HOA, Co-Op or Condo Fees
If your home is part of a homeowners’ association (HOA) or condominium association, you must pay fees for those. These fees go toward property care for the entire association, such as garbage collection or lawn maintenance. There could also be additional costs for projects that benefit the entire community.
Homeowners Insurance
Homeowners insurance is necessary for any homeowner taking out a mortgage, as lenders will require proof of homeowners insurance. These insurance policies cover your home structure and personal property. Like most insurance plans, you can take out a policy in amounts that reflect the value of your home and personal property. These policies can also cover other expenses, such as your liability if a guest is injured in your home.
Mortgage Insurance
Mortgage insurance — also known as private mortgage insurance (PMI) — protects the mortgage lender if the borrower does not pay their mortgage on time. Some lenders might require borrowers to pay toward mortgage insurance in their monthly mortgage payments to reduce their risk of lending the money.

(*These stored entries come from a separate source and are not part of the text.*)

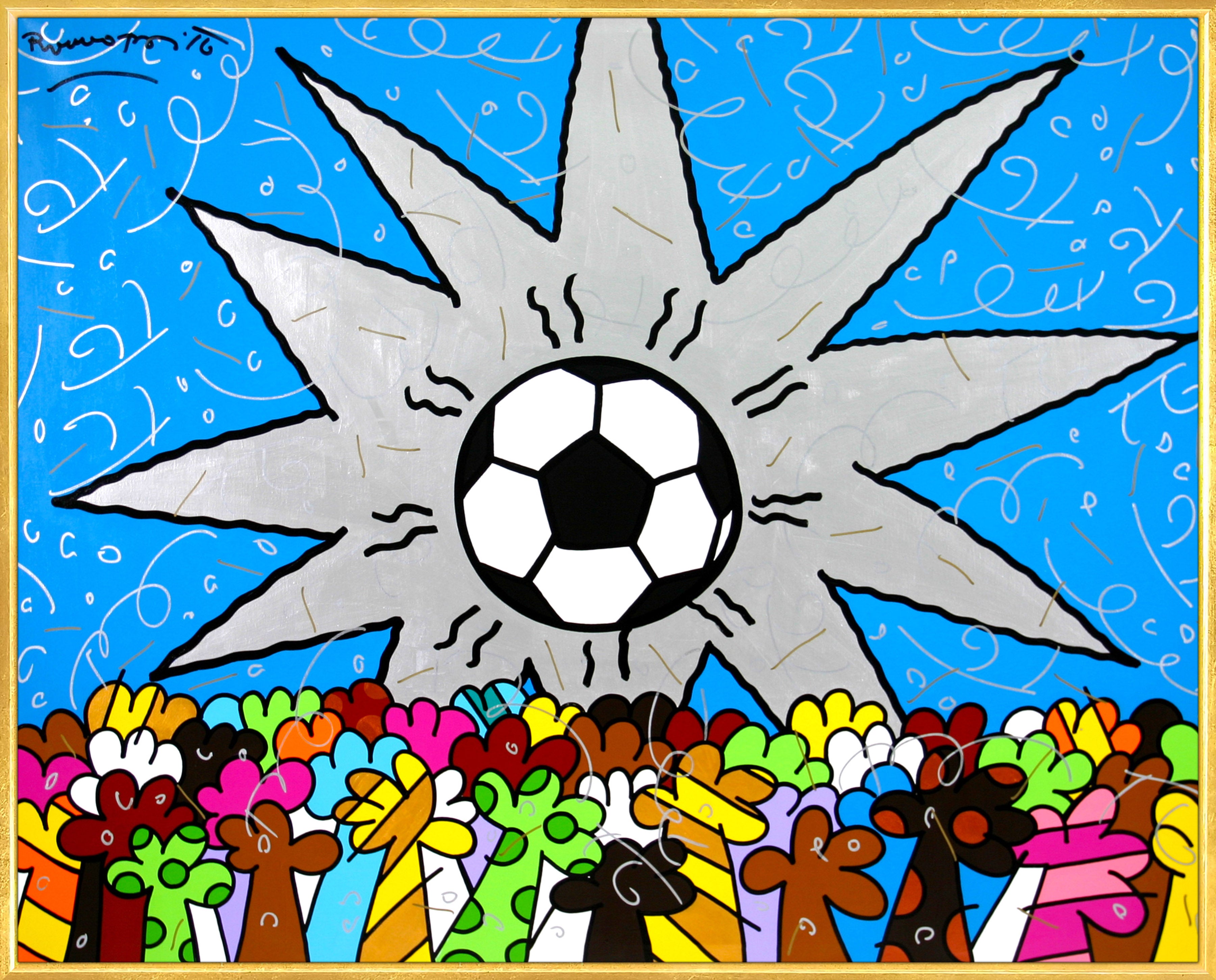 “We Love Pele” is a vibrant homage to the legendary soccer star, celebrating his talent, influence, and spirit. The horizontal format emphasizes movement and energy, while bold acrylic colors and intricate oil pen detailing create depth, rhythm, and visual excitement. This original painting transforms the beloved athlete into a lively pop-art composition, radiating optimism, passion, and contemporary flair.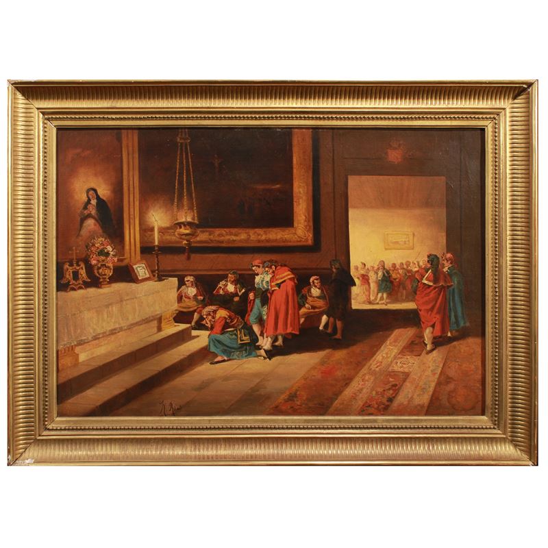 "La preghiera del torero", olio su tela, entro cornice in legno dorato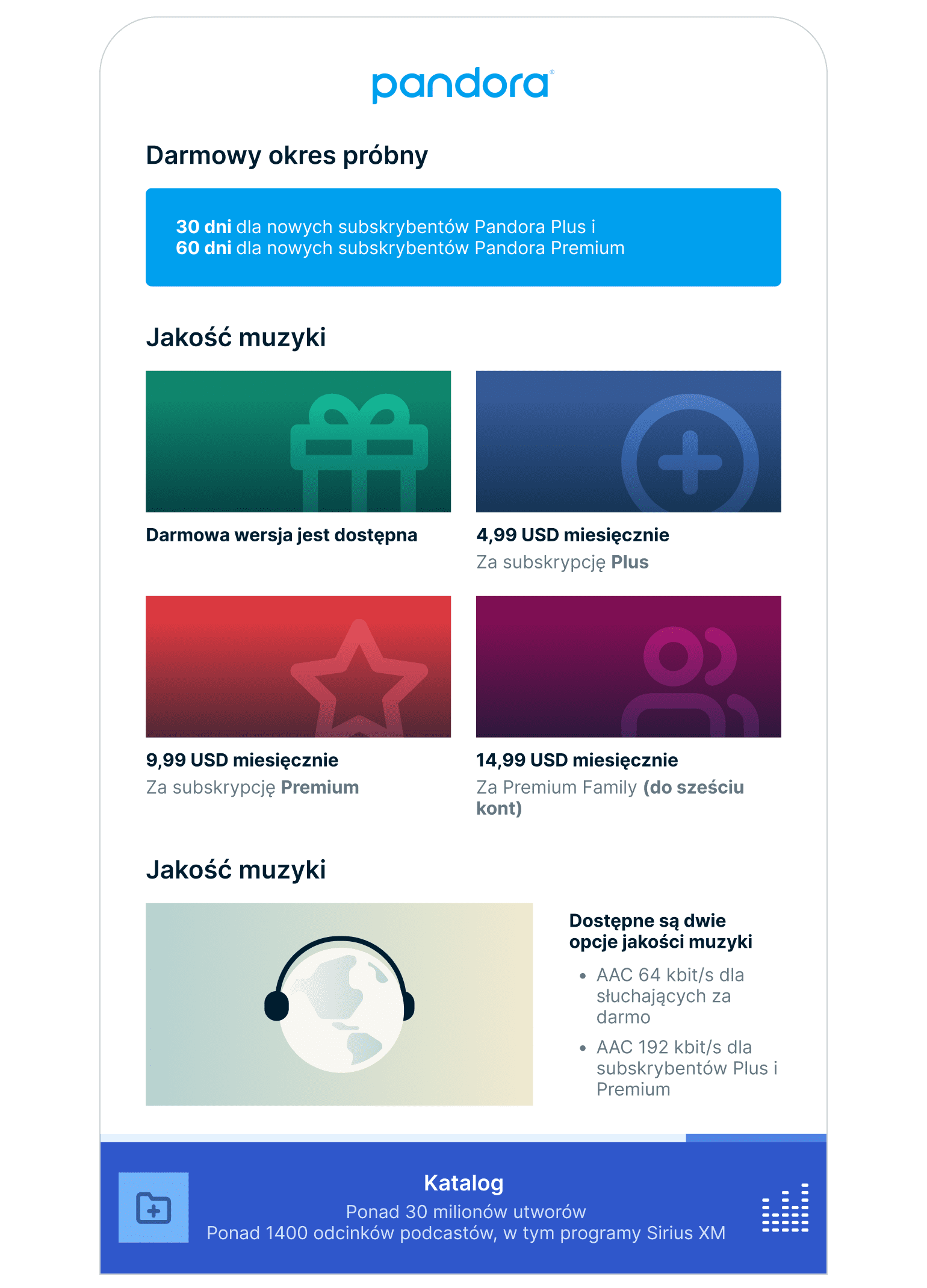 - Inne platformy, takie jak Deezer, Tidal i Pandora, posiadają unikalne oferty i modele cenowe, a także koncentrują się na odkrywaniu muzyki i zapewniają wysoką jakość dźwięku.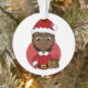 Ornement de Noël avec l'illustration d'une mignonne fille afro-américaine souriante aux cheveux noirs courts, la fille porte un costume de Père Noël avec un casquette rouge et tient un cadeau ; dans un cercle rouge sur un arrière - plan blanc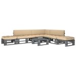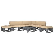 Salon de jardin palette 6pcs avec coussins Pin impregne de gris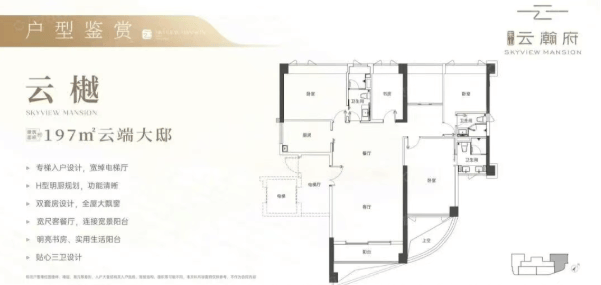 197㎡南向5房大平层:东向单边户,三套房配置,双阳台布局,尽享江景与城市天际线。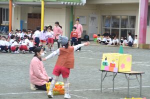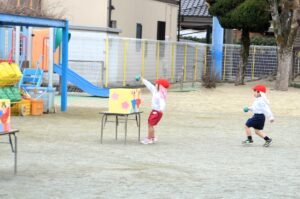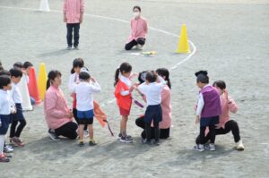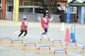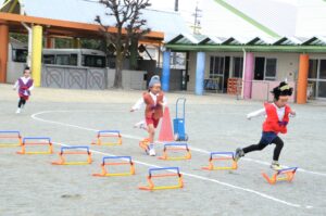 かわいいおひなさまたちが、ハードルを飛び越えたり玉を投げたり、楽しくがんばりました。今日のバトンパスはなかなか大変でした。年長さんが跳び越えているハードルは、卒園記念品として年長児の保護者の皆様からいただいた物です。ありがとうございます。大切に使わせていただきます。

Utilities, Maintenance and Repair Costs
One of the main differences between renting and owning your home is the responsibility of maintenance and repair costs. In most cases, if you’re renting a property, maintenance and repair of the appliances or home systems is covered by your rental property. However, when you own a home, you should be prepared to pay for general home maintenance, repairing HVAC systems, and replacing appliances as needed. You will also be responsible for the cost of utilities, including heating, water, electricity and more. Some of these costs may be included in your HOA fee if you are part of an HOA.
Decorating Costs
You will have new spaces to furnish and decorate when you purchase a home. Decorating is not always an essential expense, but you should consider the size and spaces in your new home. Those costs must be considered if you are moving to a larger property or want to redo some of the spaces in your new home.
Compare Best Mortgage Offers From Benzinga’s Top Lenders
The best way to proceed is to find the right mortgage lender for your needs. Your mortgage lender will be an important partner in your process and choosing the right lender can help you save money in the long run.
How Much Do I Need to Save Up to Buy a Home?
The amount you need to save up before purchasing a home depends on several factors. A major consideration is the average cost of homes where you are looking to buy a house. Consider the mortgage programs and other programs that you might qualify for. Having reserves to cover your homeownership costs is always a good idea even if your income is disrupted or your lender doesn’t require it.
Frequently Asked Questions
How much does it cost to buy a home?
This depends on where you buy a home and the mortgages you qualify for. Be sure to consider the upfront costs and ongoing costs as well as your savings and the programs you qualify for.
Who pays closing costs when buying a home?
In most cases, the buyer pays the closing costs.
What are the prepaid costs when buying a home?
Prepaid costs are typically expenses that go toward ongoing homeownership costs. They can include homeowners insurance premiums, mortgage interest payments, and property taxes.